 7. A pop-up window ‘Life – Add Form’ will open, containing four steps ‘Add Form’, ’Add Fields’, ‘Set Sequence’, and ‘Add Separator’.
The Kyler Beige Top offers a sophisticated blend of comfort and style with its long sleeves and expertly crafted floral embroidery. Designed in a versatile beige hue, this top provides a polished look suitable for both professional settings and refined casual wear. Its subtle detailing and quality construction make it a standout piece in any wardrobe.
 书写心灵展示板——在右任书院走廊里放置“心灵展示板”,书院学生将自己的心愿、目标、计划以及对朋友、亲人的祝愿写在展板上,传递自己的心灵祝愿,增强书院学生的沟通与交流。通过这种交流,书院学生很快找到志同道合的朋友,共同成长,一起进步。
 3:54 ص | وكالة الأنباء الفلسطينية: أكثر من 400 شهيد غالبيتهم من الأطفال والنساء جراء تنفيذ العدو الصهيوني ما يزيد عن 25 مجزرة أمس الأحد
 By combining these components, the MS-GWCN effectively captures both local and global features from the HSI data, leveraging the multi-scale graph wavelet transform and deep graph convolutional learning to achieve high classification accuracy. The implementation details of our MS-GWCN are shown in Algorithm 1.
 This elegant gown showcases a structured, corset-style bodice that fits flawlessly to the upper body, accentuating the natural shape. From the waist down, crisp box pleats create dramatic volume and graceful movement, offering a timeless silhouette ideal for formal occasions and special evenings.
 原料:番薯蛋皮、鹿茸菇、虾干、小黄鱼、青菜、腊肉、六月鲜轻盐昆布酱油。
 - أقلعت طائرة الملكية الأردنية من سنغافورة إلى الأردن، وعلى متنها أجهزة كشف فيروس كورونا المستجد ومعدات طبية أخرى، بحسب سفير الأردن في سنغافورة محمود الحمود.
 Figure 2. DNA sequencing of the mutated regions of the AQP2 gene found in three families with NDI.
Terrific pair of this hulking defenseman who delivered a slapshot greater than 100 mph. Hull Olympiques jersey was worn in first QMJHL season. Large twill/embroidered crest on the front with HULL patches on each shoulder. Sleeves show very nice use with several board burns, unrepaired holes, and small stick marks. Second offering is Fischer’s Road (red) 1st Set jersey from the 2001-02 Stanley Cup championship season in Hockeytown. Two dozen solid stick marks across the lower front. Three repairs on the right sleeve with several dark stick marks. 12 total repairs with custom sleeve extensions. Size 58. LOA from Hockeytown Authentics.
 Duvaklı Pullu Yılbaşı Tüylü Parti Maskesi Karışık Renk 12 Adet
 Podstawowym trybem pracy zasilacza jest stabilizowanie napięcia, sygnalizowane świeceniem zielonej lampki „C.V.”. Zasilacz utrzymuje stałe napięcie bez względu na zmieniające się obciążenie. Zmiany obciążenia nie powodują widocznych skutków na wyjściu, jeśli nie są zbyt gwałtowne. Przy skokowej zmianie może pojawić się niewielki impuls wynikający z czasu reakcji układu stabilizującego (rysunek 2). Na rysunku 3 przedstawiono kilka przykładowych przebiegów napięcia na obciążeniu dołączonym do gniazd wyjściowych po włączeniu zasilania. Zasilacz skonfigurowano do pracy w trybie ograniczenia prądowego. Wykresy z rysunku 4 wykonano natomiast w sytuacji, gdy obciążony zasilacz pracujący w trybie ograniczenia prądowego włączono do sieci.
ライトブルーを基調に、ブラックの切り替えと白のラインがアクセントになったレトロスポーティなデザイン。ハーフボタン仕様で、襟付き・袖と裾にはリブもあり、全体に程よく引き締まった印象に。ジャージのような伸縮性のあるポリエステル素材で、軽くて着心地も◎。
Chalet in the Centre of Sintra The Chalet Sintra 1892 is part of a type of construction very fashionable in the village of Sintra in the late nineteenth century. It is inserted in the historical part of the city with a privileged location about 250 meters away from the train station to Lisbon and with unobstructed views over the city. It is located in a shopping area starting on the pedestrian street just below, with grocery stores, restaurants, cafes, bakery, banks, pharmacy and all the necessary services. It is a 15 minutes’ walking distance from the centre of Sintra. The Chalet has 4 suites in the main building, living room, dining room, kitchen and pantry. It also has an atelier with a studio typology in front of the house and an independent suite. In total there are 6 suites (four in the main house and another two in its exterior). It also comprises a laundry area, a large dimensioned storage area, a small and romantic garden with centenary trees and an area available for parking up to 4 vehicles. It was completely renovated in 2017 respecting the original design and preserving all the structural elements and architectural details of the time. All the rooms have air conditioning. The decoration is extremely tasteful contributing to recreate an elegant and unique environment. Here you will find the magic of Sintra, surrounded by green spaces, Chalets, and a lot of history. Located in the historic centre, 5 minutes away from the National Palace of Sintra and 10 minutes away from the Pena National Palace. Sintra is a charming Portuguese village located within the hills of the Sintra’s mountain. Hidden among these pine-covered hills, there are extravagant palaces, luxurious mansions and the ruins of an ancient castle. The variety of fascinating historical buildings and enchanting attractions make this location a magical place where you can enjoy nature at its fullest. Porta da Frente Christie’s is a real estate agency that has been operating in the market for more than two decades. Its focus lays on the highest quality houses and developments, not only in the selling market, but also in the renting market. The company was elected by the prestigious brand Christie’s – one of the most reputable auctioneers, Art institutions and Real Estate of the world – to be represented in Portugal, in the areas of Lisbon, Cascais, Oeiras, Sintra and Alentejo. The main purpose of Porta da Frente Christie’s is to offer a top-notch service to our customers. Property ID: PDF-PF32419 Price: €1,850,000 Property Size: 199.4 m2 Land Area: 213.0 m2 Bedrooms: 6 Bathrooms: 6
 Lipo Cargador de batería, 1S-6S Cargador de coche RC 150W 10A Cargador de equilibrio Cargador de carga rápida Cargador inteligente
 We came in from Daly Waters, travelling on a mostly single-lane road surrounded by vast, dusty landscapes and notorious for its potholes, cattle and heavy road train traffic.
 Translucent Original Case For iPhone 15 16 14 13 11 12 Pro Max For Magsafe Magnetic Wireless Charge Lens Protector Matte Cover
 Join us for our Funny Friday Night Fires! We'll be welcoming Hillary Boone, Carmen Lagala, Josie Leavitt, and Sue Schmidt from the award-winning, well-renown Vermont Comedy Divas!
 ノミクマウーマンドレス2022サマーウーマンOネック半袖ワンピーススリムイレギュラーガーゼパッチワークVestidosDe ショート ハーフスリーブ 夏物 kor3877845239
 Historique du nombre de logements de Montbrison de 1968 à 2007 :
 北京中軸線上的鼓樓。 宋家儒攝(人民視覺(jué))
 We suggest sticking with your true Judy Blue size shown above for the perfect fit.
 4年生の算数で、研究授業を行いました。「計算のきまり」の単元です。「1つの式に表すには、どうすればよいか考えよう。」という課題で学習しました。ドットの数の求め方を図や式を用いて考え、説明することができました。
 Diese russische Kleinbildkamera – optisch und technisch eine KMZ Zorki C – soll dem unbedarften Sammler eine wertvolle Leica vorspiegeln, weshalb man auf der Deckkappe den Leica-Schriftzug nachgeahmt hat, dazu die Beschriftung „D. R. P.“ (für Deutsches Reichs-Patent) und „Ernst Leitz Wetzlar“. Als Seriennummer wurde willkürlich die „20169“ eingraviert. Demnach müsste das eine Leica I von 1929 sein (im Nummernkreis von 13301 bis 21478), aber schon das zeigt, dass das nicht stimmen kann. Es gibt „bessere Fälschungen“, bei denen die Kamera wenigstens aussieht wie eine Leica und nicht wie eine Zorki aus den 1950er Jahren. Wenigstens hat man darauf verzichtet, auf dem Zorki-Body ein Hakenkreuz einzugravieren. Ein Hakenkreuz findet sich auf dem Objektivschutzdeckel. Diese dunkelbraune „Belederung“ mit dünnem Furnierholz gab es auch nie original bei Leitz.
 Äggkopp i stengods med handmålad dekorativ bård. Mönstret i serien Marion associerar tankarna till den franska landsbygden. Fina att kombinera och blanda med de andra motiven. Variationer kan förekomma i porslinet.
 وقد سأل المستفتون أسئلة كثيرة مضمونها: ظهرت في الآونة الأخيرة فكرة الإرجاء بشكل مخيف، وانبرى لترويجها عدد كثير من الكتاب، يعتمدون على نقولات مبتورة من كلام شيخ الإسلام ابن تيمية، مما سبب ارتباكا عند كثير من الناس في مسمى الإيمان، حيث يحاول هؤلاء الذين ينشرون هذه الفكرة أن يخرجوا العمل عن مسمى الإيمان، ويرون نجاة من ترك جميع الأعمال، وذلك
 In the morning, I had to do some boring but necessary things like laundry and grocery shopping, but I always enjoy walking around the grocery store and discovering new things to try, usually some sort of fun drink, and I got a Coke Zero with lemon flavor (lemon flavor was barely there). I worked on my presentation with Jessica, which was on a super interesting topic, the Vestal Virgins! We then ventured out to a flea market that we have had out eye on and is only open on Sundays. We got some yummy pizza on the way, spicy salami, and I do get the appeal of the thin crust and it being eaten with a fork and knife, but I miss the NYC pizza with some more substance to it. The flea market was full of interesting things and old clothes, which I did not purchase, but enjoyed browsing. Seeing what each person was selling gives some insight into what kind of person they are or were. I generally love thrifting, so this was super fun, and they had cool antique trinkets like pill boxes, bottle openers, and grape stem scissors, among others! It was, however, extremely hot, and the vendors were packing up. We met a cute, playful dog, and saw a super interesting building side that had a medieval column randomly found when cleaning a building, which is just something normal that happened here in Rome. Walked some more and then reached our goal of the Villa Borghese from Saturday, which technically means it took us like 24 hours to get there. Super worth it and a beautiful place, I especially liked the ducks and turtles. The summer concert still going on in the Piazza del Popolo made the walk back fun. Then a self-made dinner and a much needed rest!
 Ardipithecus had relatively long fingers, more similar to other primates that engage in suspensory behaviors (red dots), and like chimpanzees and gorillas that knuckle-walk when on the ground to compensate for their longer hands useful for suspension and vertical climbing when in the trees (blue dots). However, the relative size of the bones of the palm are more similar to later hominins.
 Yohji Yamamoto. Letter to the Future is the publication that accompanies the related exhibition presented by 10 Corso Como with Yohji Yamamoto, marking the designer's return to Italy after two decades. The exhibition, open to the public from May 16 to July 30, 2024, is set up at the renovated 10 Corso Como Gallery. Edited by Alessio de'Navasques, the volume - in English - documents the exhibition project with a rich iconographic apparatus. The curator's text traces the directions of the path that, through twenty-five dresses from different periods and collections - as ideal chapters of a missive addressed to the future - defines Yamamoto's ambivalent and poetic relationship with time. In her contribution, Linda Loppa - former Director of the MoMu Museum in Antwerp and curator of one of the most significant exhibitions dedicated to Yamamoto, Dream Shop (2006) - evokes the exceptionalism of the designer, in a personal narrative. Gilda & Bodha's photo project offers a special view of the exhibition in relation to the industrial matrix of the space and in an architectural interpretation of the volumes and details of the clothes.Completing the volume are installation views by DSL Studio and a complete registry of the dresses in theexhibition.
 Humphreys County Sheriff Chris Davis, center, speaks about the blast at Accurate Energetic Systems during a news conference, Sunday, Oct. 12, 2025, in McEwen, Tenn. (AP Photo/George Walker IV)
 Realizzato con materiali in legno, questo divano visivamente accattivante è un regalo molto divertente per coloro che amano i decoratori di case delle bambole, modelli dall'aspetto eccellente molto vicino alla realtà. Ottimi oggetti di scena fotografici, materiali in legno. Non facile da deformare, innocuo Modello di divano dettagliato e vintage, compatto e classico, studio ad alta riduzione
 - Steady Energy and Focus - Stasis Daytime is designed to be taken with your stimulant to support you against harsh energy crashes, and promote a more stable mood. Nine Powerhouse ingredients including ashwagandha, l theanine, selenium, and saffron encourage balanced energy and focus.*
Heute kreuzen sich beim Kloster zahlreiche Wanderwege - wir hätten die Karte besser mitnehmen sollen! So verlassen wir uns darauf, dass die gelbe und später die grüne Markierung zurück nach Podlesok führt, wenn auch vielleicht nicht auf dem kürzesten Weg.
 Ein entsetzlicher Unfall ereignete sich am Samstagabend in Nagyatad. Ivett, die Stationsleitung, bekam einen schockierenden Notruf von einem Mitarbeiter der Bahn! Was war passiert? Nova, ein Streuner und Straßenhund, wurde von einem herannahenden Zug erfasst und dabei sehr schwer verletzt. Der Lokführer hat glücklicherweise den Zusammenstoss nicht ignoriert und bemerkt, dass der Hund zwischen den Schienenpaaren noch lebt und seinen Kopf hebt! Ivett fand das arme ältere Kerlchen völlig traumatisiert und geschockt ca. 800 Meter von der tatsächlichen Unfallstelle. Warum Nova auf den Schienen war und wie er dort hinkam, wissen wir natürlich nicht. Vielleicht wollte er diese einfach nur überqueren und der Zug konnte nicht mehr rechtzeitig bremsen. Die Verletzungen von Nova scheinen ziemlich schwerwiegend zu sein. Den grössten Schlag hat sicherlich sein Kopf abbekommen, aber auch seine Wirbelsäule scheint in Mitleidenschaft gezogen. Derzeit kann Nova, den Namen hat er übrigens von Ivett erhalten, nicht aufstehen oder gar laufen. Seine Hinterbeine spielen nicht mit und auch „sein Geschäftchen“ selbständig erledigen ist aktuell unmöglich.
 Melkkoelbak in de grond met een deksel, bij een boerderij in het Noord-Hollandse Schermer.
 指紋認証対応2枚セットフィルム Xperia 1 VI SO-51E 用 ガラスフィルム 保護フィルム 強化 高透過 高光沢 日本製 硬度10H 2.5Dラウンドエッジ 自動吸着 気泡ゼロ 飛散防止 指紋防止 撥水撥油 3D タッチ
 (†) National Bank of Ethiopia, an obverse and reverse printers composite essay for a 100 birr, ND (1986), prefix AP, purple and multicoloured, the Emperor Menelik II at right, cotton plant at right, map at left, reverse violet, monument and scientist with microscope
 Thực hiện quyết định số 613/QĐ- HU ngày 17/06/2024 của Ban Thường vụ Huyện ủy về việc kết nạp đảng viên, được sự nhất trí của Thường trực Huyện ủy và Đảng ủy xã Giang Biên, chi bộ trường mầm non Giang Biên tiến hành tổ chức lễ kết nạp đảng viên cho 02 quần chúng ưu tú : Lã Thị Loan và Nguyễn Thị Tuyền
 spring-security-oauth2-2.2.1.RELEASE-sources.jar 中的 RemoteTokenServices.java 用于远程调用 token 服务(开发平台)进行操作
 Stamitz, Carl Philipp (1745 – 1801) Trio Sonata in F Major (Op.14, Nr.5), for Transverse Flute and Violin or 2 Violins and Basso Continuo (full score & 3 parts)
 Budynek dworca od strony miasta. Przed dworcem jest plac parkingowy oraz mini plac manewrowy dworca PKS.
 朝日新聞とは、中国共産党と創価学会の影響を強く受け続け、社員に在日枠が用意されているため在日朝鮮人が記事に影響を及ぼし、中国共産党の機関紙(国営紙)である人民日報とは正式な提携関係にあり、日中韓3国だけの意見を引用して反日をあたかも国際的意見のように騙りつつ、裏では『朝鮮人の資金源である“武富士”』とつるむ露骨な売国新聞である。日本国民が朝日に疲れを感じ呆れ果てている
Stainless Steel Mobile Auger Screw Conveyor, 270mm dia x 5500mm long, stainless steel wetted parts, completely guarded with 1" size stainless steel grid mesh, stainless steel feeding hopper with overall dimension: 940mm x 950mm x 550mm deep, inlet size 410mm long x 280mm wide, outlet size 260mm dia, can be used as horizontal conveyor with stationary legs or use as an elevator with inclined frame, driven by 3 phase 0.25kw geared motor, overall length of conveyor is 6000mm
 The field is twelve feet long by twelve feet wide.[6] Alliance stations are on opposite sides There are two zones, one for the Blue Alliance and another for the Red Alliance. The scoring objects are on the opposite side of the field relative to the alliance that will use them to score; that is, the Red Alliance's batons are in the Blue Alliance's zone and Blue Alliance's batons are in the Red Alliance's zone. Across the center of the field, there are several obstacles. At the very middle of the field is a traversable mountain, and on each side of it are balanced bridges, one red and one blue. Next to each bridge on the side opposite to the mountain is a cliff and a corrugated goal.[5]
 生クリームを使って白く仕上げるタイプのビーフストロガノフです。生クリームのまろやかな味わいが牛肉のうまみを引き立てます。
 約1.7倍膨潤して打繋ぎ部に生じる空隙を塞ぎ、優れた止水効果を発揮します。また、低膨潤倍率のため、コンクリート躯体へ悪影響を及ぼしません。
----
● **HOW TO COMPLETE THIS TASK**:
From the material above, retype precisely the lines between the line holding "书写心灵展示板——在右任书院" and the line holding "3:54 ص | وكالة", inclusive, and nothing beyond them.

● **OUTPUT BELOW**:
 书写心灵展示板——在右任书院走廊里放置“心灵展示板”,书院学生将自己的心愿、目标、计划以及对朋友、亲人的祝愿写在展板上,传递自己的心灵祝愿,增强书院学生的沟通与交流。通过这种交流,书院学生很快找到志同道合的朋友,共同成长,一起进步。
 3:54 ص | وكالة الأنباء الفلسطينية: أكثر من 400 شهيد غالبيتهم من الأطفال والنساء جراء تنفيذ العدو الصهيوني ما يزيد عن 25 مجزرة أمس الأحد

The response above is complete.